We disagree with Hartford that Vesceras statements in his criminal proceedings require a different conclusion under the doctrine of judicial estoppel. Hartford has not explained how Vesceras statements could estop First One, which was not a party to the criminal proceedings. See, e.g., Kobold v. Good Samaritan Regl Med. Ctr., 832 F.3d 1024, 1044–45 (9th Cir. 2016) (judicial estoppel did not apply to party who did not make prior statement). Nor has Hartford shown that Vesceras statements in the criminal proceedings were “clearly inconsistent” with Appellants’ position here. Id. at 1045 (quotations omitted). In both instances, Vescera and Appellants maintained that NACA had no obligation to pay homeowners, even as they may have hoped that NACA would do so.

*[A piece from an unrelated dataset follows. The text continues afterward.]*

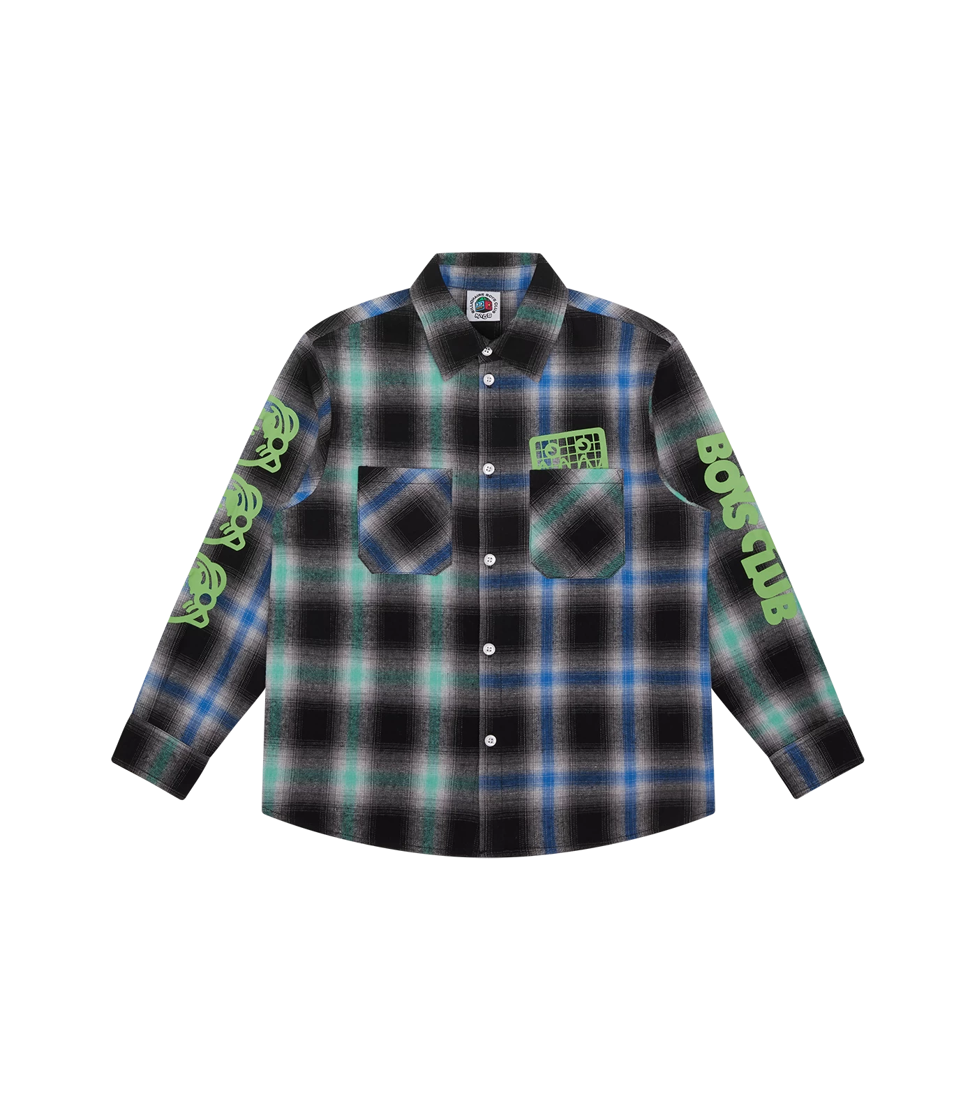 Billionaire Boys Club Kids Collection – Check L/S Shirt detailed with a screen print graphic at the front pocket, it presents Billionaires Boys Club logo and the Astro logo repeated graphics on both sleeves.

b. Hartfords alternate argument that California Insurance Code § 533 precludes coverage similarly fails. Section 533 states that “[a]n insurer is not liable for a loss caused by the wilful act of the insured․” Cal. Ins. Code § 533. We previously held that the claims in NACAs complaint did not fall under § 533 because “the Lanham Act trademark infringement claim ․ did not require a showing of willfulness” and at least some claims in the complaint were not “ ‘inseparably intertwined’ with willful conduct.” First One Lending II, 755 F. Appx at 710–711 (quoting Unified W. Grocers, 457 F.3d at 1114). While this appeal involves the duty to indemnify, the NACA settlement included payment for the Lanham Act claims and Hartford has not shown that all or part of the $1.5 million settlement was for willful conduct, for the reasons we explained above.

c. Nor does the settlement fall within the policys exclusion of personal and advertising injury resulting from the rendering of, or the failure to render, financial services. We previously rejected Hartfords argument that NACAs lawsuit only included claims concerning financial services “because at least some of those claims bore an insufficient causal nexus with financial services.” First One Lending II, 755 F. Appx at 711. The NACA settlement agreement only included covered claims and in arguing otherwise, Hartford points to the same evidence we rejected in First One Lending II.

2. The district court correctly granted summary judgment for Hartford on Appellants’ claims that Hartford denied insurance coverage in bad faith. To show a bad faith denial of coverage, a plaintiff must prove that “(1) benefits due under the policy were withheld; and (2) the reason for withholding benefits was unreasonable or without proper cause.” Guebara v. Allstate Ins. Co., 237 F.3d 987, 992 (9th Cir. 2001). While we previously concluded that Hartford had to defend Appellants in the NACA litigation and now conclude Hartford must indemnify Appellants for the NACA settlement, Hartford did not act unreasonably in denying coverage, particularly given Vesceras statements during his criminal trial.

3. The district court correctly granted summary judgment for Hartford on Appellants’ punitive damages claim. Because Appellants cannot show bad faith, they necessarily failed to meet the higher standard for punitive damages. See Tibbs v. Great Am. Ins. Co., 755 F.2d 1370, 1375 (9th Cir. 1985).

* * *

We reverse the district courts grant of summary judgment to Hartford on Appellants’ claim for $1.5 million in indemnification and direct the district court to enter judgment for Appellants on that claim. We affirm the district courts grant of summary judgment to Hartford on Appellants’ bad faith and punitive damages claims. The matter is remanded for proceedings consistent with this decision. The parties shall bear their own costs on appeal.

AFFIRMED IN PART, REVERSED IN PART, AND REMANDED.